I’m often asked - "Why are you building another BI tool?". I think that’s fair. There are a lot of BI tools already out there - and most of our team has already helped build one. So why do we think we need another one? And why do we believe we can build it better this time?
The simple answer is that things change and we learn along the way. But let’s break that down.
Things change part 1: The tug-of-war problem
I won’t dive into the history of business intelligence (< we’ve already done that - a couple of times), but I do like to look back at how the market has continued to shift back and forth between the struggle for stronger data governance and more freedom with self-service. The core problems haven’t changed, but there’s been a steady tug-of-war between which of these problems is most important at a given time (and which product serves as the generational leader at any given moment).
At Looker, we got a little lucky on timing. The market was adjusting to the diaspora of analyses created by workbook tools like Tableau. Governance (and the data model) was an easy way to position trust in data. A decade ago, being able to model quickly was a key “re-innovation”.
But, in many ways, we over-corrected.
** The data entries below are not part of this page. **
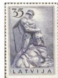
2. sang Frihedsmonument med Bjørnedræbermotiv (1937)
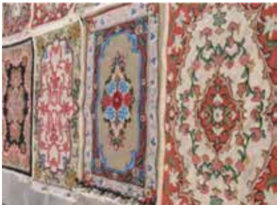
شکل ۲۹-۵- فرش استان
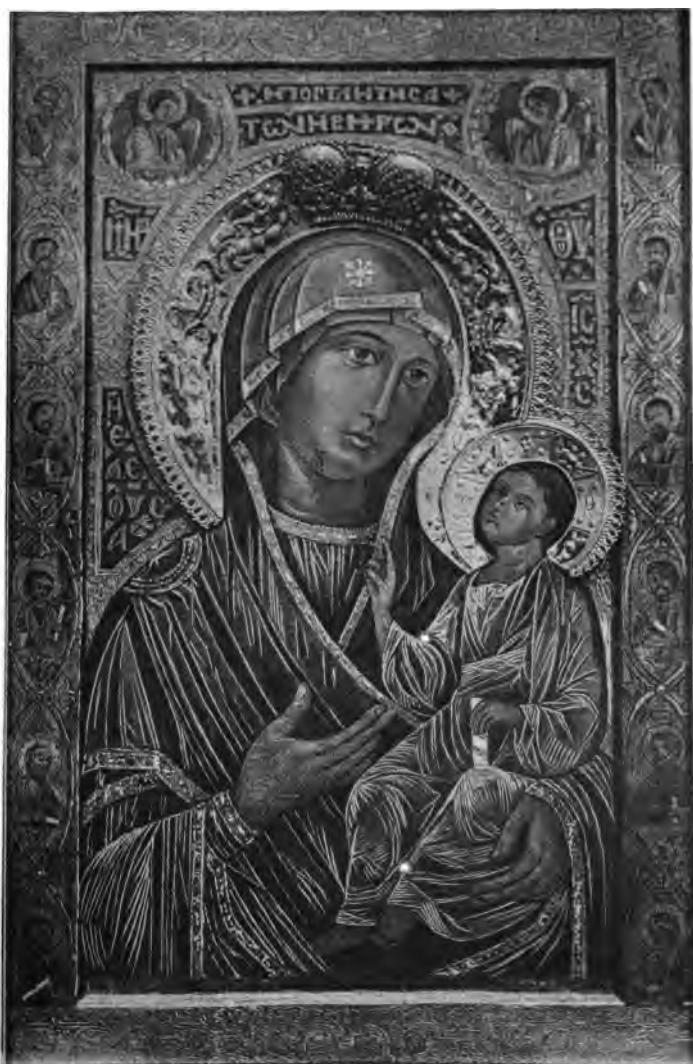
Фото-гравюра ЛЕВИТСКАГО Арбатъ. Дозволено духовною Цензурою Москва 1886 г.
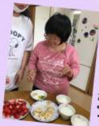
ミルクプリンを作ったよ♪
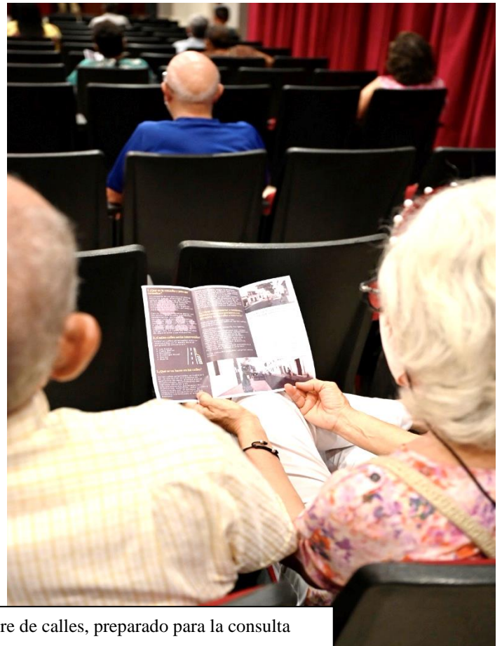
Participantes en la consulta, revisan el brochure de calles, preparado para la consulta
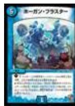
[DM-39] ホーガン・プラスター
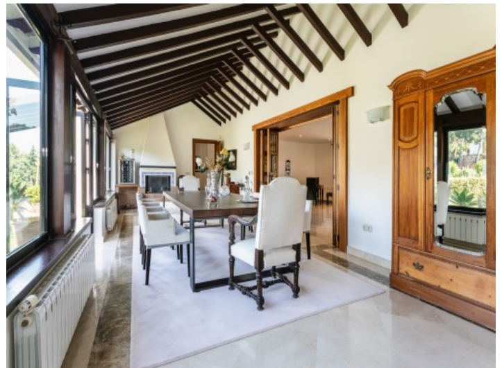
Der Essbereich bietet Platz für bis zu 10 Personen
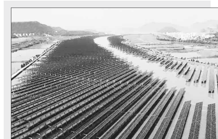
В КНР заработи централа за съвместен добив на ток от слънчева енергия и приливи и отливи

Компанията също така използва дронове, за да проследява тревните решетки и подобри ефективността на възстановителните работи. През последното десетилетие компанията добави и 1446 мупасища (около 96,4 хектара) към района.
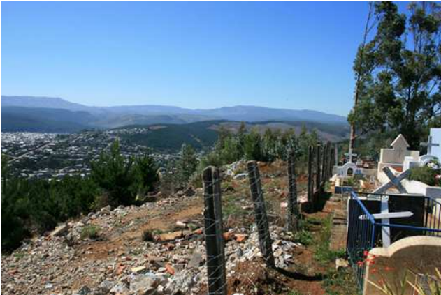
AHORA: Cementerio de Curanilahue

The sacrifice for better governance was a loss in all of the flexibility and speed Tableau and desktop BI provided.
Looker requires technical expertise and the time to interface with the data model anytime you want to add something new or make a change. This forces some users out of the tool - to something like Excel. With that, you lose that org-wide trusted governance Looker set out to establish. This also adds weight to the model, which hurts performance and the workflow of one-off exploration.
Of course, data governance is important, but it needs to be better. When you put walls in front of users being productive, they leave the tool. Great data tooling means finding a balance between governance and freedom.
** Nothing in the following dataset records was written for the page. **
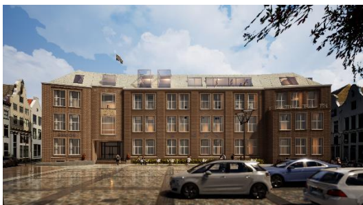
Artist Impression EICAS-museum (Hans van Heeswijk architecten)

Begin 2020 zal tot de selectie van een aannemer worden overgegaan.
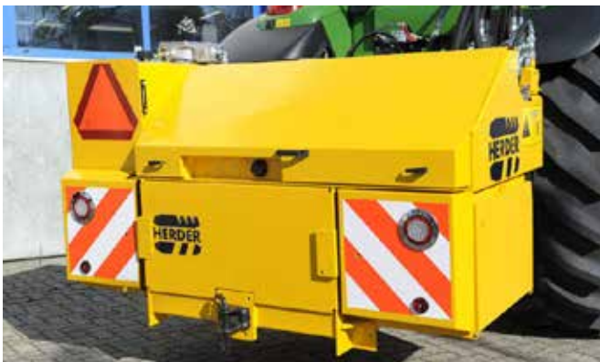
Hydraulikeinheit mit Sicherheitsmarkierung und LED-Beleuchtung an der 3-Punkt-Aufhängung des Traktors.
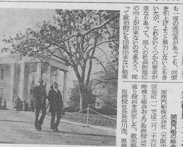
ホワイト・ハウスの前で。左端が筆者。

不徹底な黒人教育 アメリカはハワイからワシントンまで十日間あったが、何と言っても黒人問題がこれら解決しなければならぬ最大の課題である。ニューヨークの黒人街を回ったが車から降りられなかった。また、危険も時としてある。また、危険も時としてある。
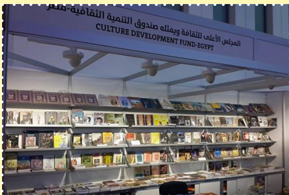
معرض الكتاب بالشارقة
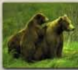
Ourse grizzli et ses oursons
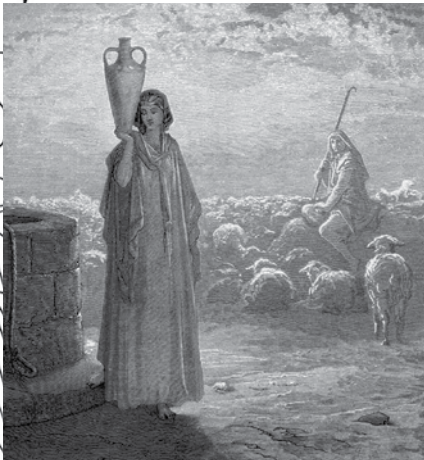
Гюстав Доре. Иаков пасет стада Лавана. 1866 г.

«У Лавана же было две дочери; имя старшей: Лия; имя младшей: Рахиль. Лия была слаба глазами, а Рахиль была красива станом и красива лицом. Иаков любил Рахиль...» (Быт. 29:16-18). Вы когда-нибудь попадали в ситуацию, в которой становились невинной жертвой обстоятельств? Вы не стремились к этому, и это не ваша вина, но так случилось. Лия — женщина, которая оказалась именно в такой ситуации. А пример жизни Лии — это пример правильных поступков, даже когда с тобой поступают неправильно. Это пример верной жены, несмотря на неблагоприятные обстоятельства в ее семье.
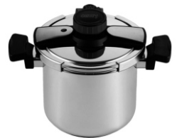
Pressure cooker CR 6726
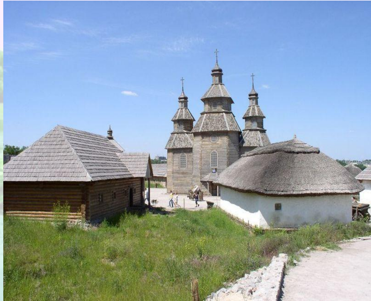
Запорожская Сечь (реконструкция)

Сечь представляла собой укрепление, внутри которого стояли церковь, хозяйственные постройки и жилые помещения (курени). Название места нахождения штаб-квартиры казаков. По мнению исследователей, первая крепость за Днепровскими порогами (т. н. хортицкий замок, прототип Запорожской Сечи) — была построена князем Дмитрием Вишневецким в 1553 году на острове Малая Хортица и просуществовала до 1557 года. В настоящее время этот остров носит имя Байды.
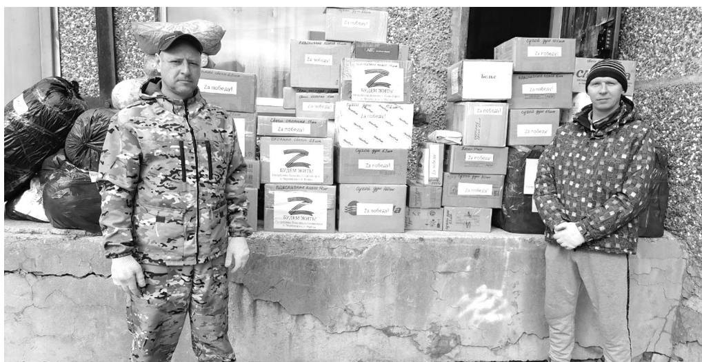
К отправке «гуманитарки» на общий склад из краеведческого музея готовы

«Седьмого апреля рукодельницы городского «Спицназа» упаковали 200 пар вязанных носков. Судя по опыту прошлогодних отправок, носки востребованы в весенний период как в госпиталях, так и на передовой. Порядка 1000 пар с начала года уже отправлено «за ленточку». Пряжа для вязания пока есть, поэтому наши женщины в настоящее время вяжут носки для осенней отправки гуманитарного груза. Закончится пряжа - будем вновь обращаться за помощью к нашим благодетелям», - сообщает на своей страничке в

Things change part 2: Technologies get better
Over the last decade, there have also been significant advancements throughout the data stack. Cloud has become expected. Cloud data warehouses have become normal (believe it or not this used to be a challenge at Looker).
But it's not just super massive scale like Snowflake, BigQuery, Redshift, and Databricks. Small data has transformed too. Companies used to have to make a choice between scalability and performance - in BI that meant in database vs. in-memory. Now, we can do both seamlessly. Fast, instant dashboards and filters, but the depth and real-time-ness of the data warehouse.
In Omni, the true magic of this optimization emerges in the query experience:
When doing ad hoc exploration in SQL is compiled live down to the data warehouse - pivoting, filtering, whatever. All the data is available. But rather than forcing every query down every time, we can also be smart about re-aggregating data we’ve already asked about.
For example, you can add running totals or create a new filtered measure directly from the UI, and we can process it in the browser rather than drop it back down to the DB. The result is simply faster querying and exploration - all of the depth, no loss of data, but huge speed improvements passively. It’s the best of Looker and Tableau without thinking.
This kind of in-memory OLAP next to a live data warehouse was really only possible in the last couple of years, so it’s been fun to bring the magical performance improvement to life.
What we’ve learned: Creating a balanced approach for the best of BI
After a decade of building BI and even longer being BI users, we’re putting our learnings to use to form our core beliefs - while also recognizing we can’t be so opinionated that we stop people from doing the thing they’re trying to do. We want to help, but not force you to do something our way.
Meet people where they are
Startups today sometimes have more tools than people, and most enterprises have a ton of tools but slightly more favorable ratios. In most cases, you either buy separate tools or optimize heavily toward one population. We want to create a gentle unraveling of that onion - building a UI for the end users but still always making it possible for the power user to drill through. So if you reach a cliff and can’t do something in the UI, you can easily switch to SQL or break through the matrix to customize it.
Ultimately, we’re balancing the shared consistency of a data model with the freedom and openness of SQL in one tool that (we believe) provides the best of both worlds.
Modeling is the enabler, but it’s not the goal
The current modeling workflow is to write model → publish → query. It’s very linear and sometimes it works.
You can do this workflow in Omni, but you can also invert that workflow to touch the SQL and model by query. So when you find a construct you like during ad hoc exploration, you can publish or promote it to the data model.
We believe you shouldn’t be forced into an all-or-nothing approach - in either direction.
Cloud optimization and cost management are key
Advances in technology have made a lot more possible, but the new needs to be tackled consciously. While companies can generate, collect, and store more than ever before in the cloud - this creates new challenges in optimizing that performance and managing costs. We’re building in caching layers at every level to optimize this.
Yes, we’re building another BI tool with Omni, but we’re doing so with new technologies and over a decade of experience building these workflows and getting customer feedback. The last decade taught us that the original Mode 1 (think strong central governance) vs. Mode 2 (think decentralized workbook analytics) BI problems aren’t going away. We can’t keep overcorrecting.
There needs to be better balance in BI, and I believe we’re obsessed enough with the product and customer experience to make it happen.